Earthing as a subject has been under-represented over the years and this event will attempt to remedy the gaps in technical knowledge and improve practices in the industry.
The UK & Europe need a unified practical approach to earthing which can be commonly understood and widely applied.
Few topics generate as much controversy and debate as that of earthing and the associated topics of bonding, grounding, surge protection, shielding, earth and lightning protection of electrical and electronic systems. Poor earthing practices can be the cause of continual and intermittent difficult-to-diagnose problems in a facility.

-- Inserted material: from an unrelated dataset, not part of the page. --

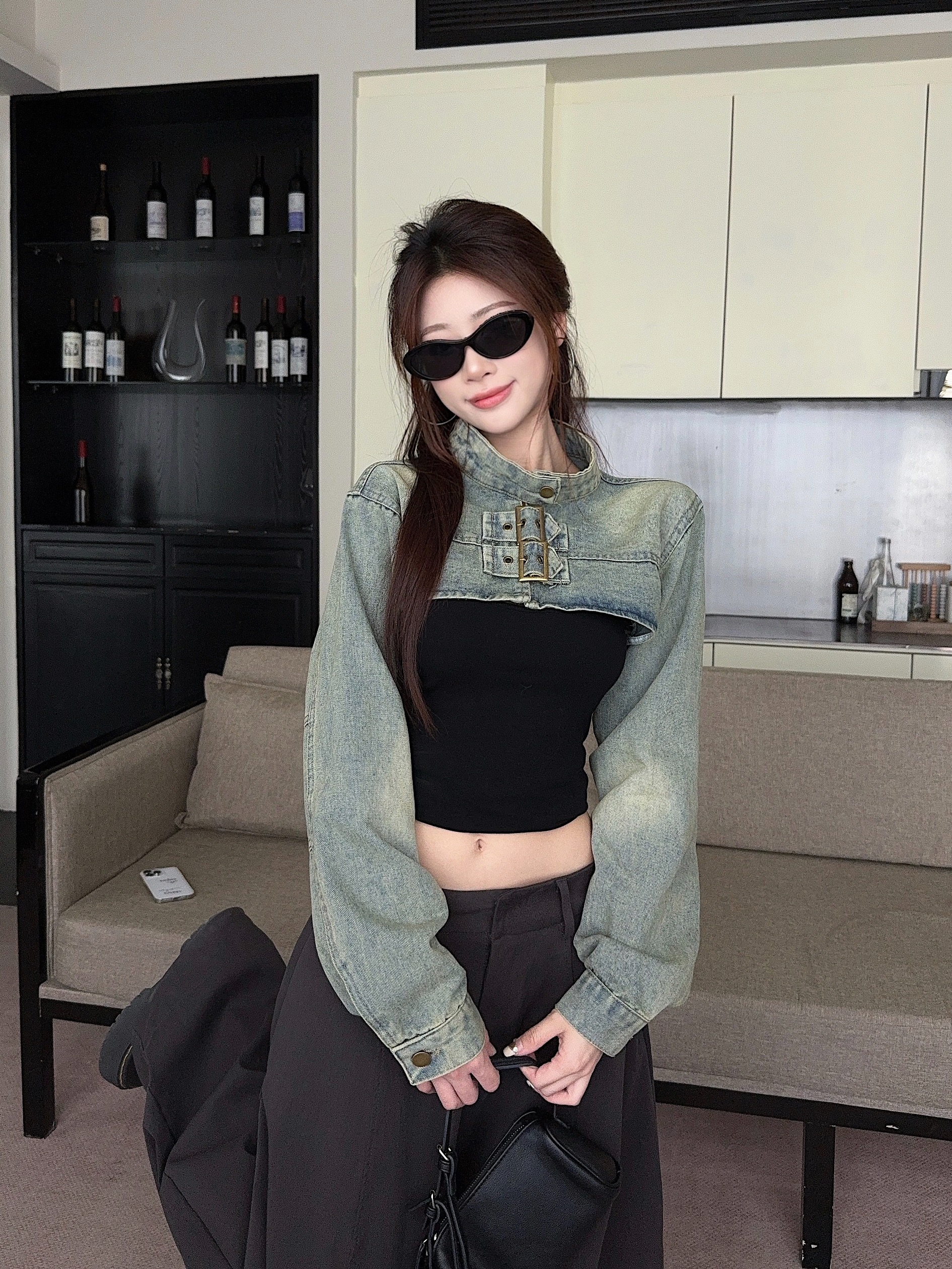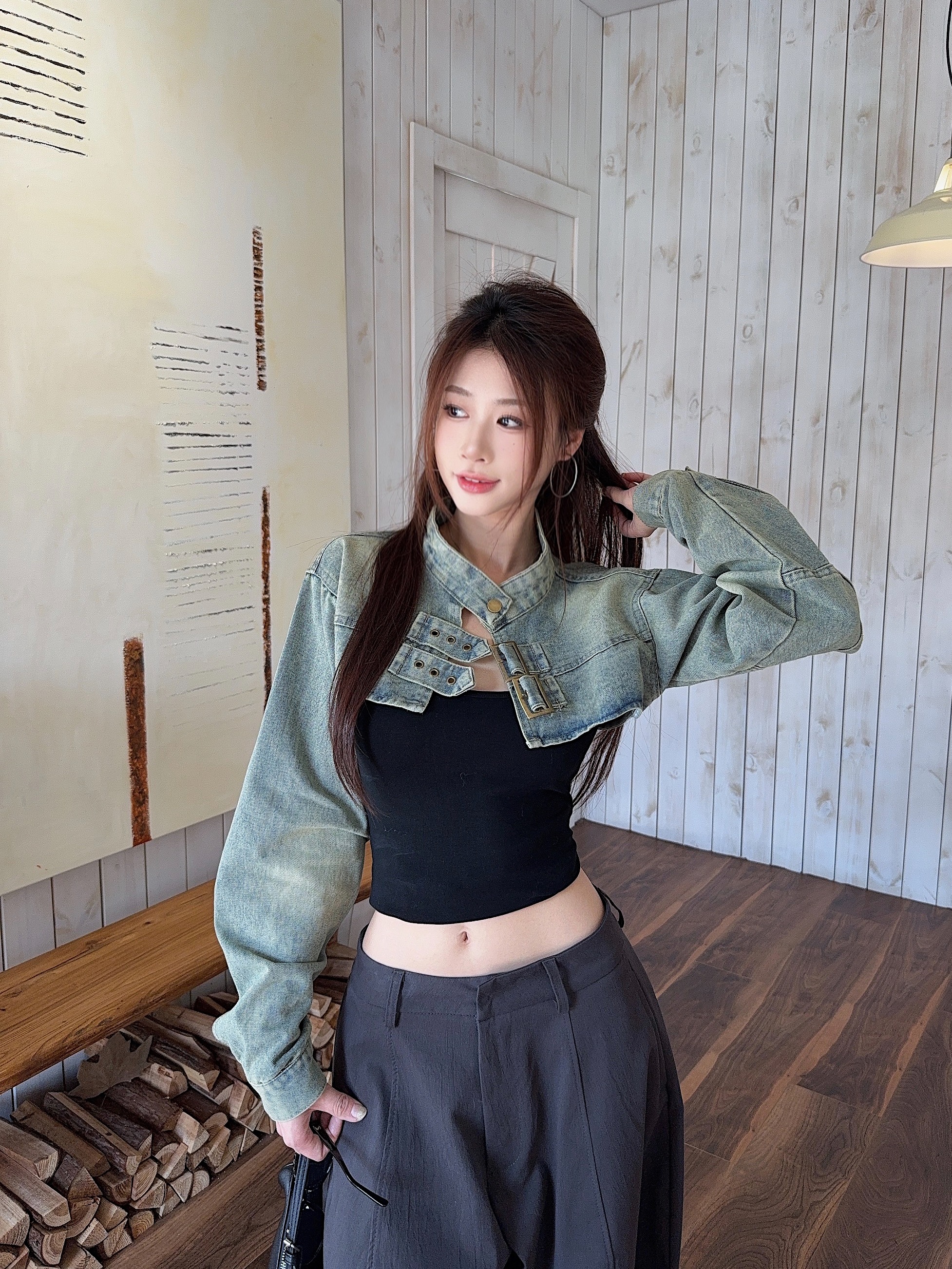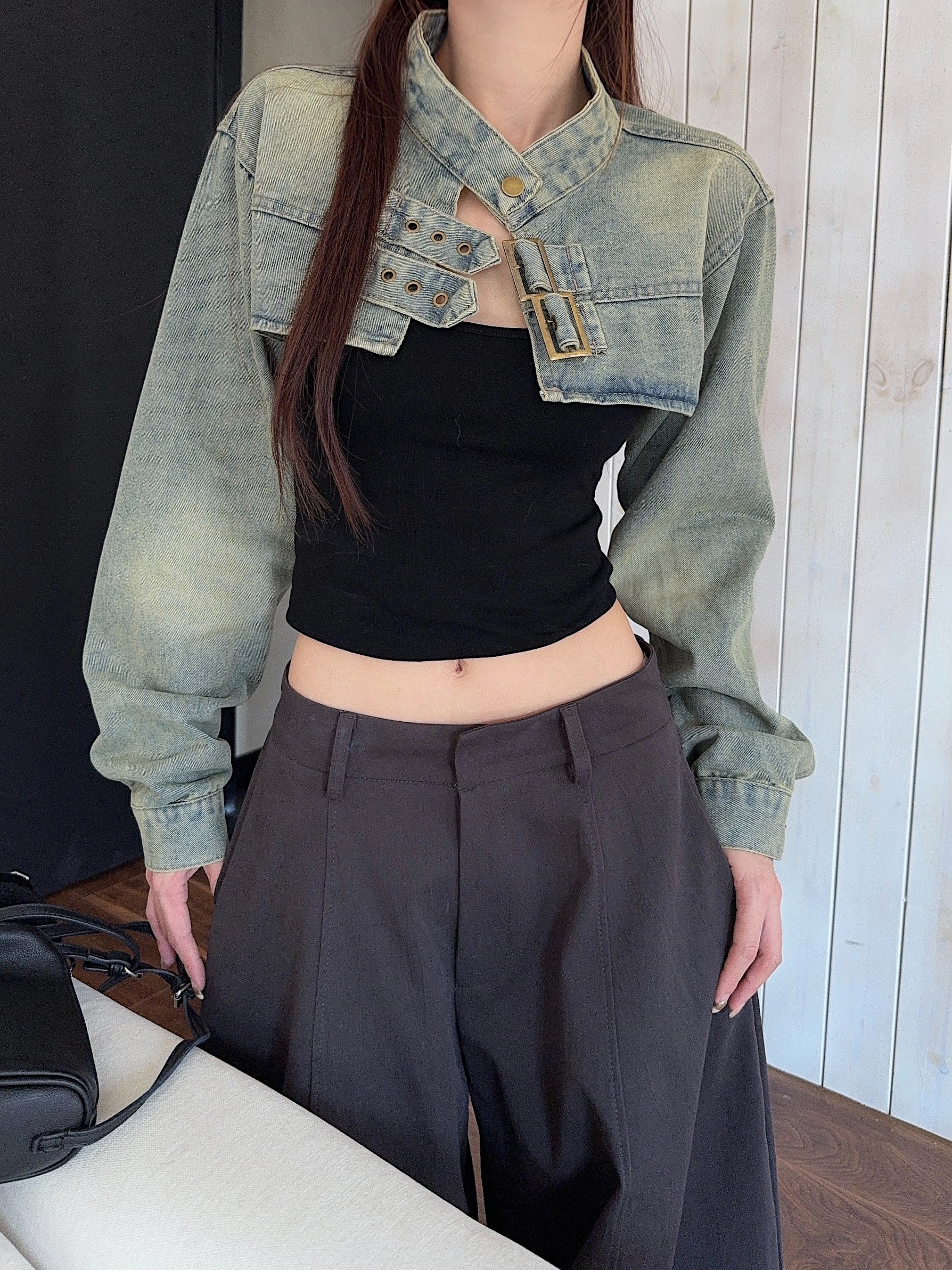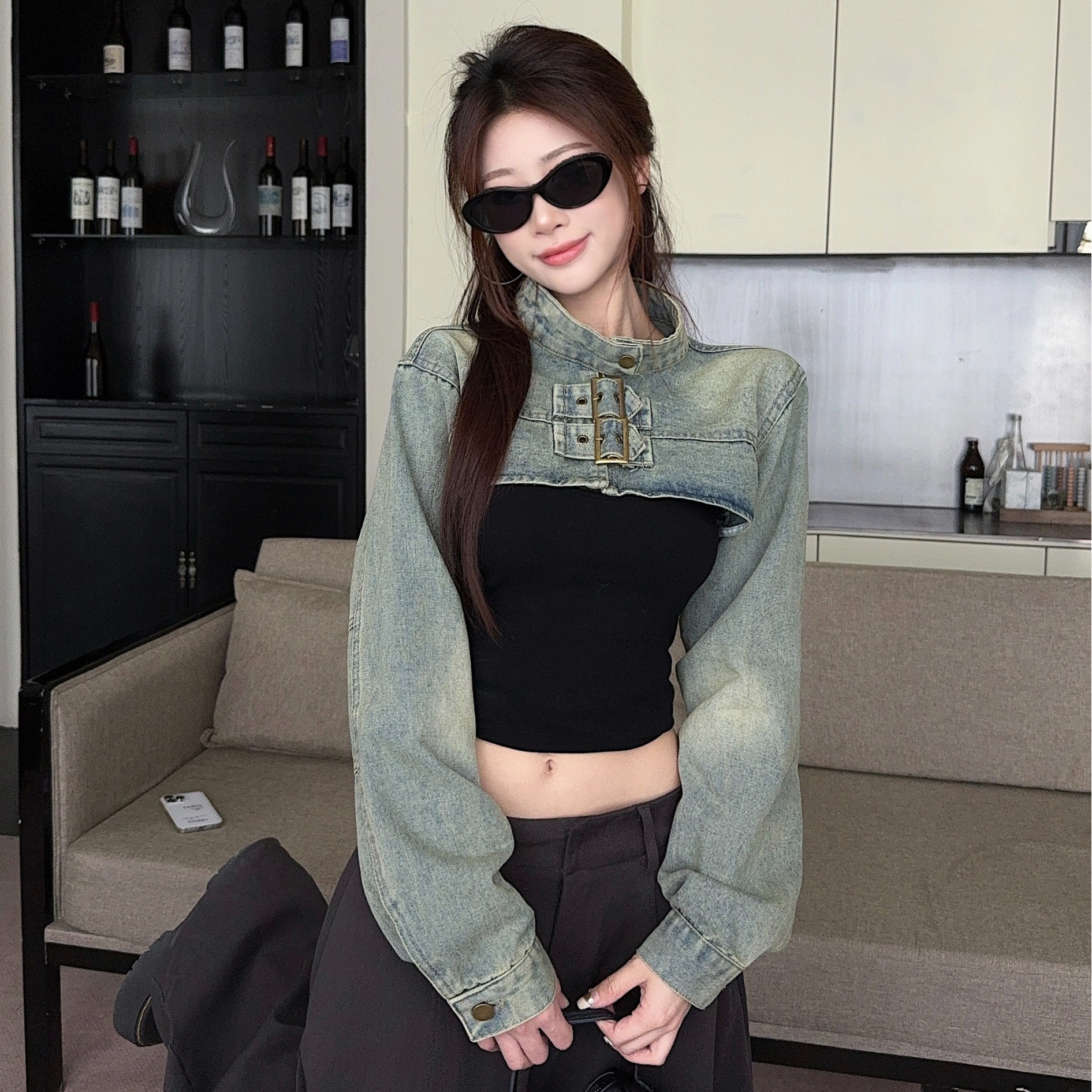 실사 정가 봄 가을 Chic 나팔 긴팔 V넥 데님 여성 셔츠 디자인 센스 작은 대중 허리 수축 아름다운 맨위

This conference will explore these issues from a fresh yet practical perspective, with the aim of helping delegates reduce expensive downtime in their plants and/or equipment. The conference will demystify the subject of earthing and present it in a clear, straightforward and – above all – practical and workable manner.
Earthing as a subject has been under-represented over the years; this event will attempt to close technical knowledge gaps and improve practices in the industry. The UK and Europe need a unified and pragmatic approach to earthing, one that is commonly understood and widely applied.
If you work in the electrical domain – in the industrial, power, defence, oil & gas, construction, transport, manufacturing, utilities, mining or renewable energy industries – then this conference is for you.
The 2023 conference builds on the outstanding success of the 2022 Earthing Conference, also held in Birmingham, which created a comprehensive and animated groundswell of discussion and learning.
What You Will Gain From Attending?
- To re-examine the application fundamentals for earthing, bonding, lightning, and surge protection.
- To discover best practice when earthing – to mitigate the impacts of faults and lightning strikes.
- To become familiar with the latest industry standards and procedures for earthing and lightning protection.
- To learn how optimal electrical earthing design can improve safety, production, and reduce costs.
- To gain practical advice on earthing system measurement.
- To receive design tips for earthing systems when conditions are challenging.
- To confront the pitfalls of inappropriate earthing and the hazards caused, and to discover how these can be prevented.
- To hear relevant local case studies from the UK electrical industry.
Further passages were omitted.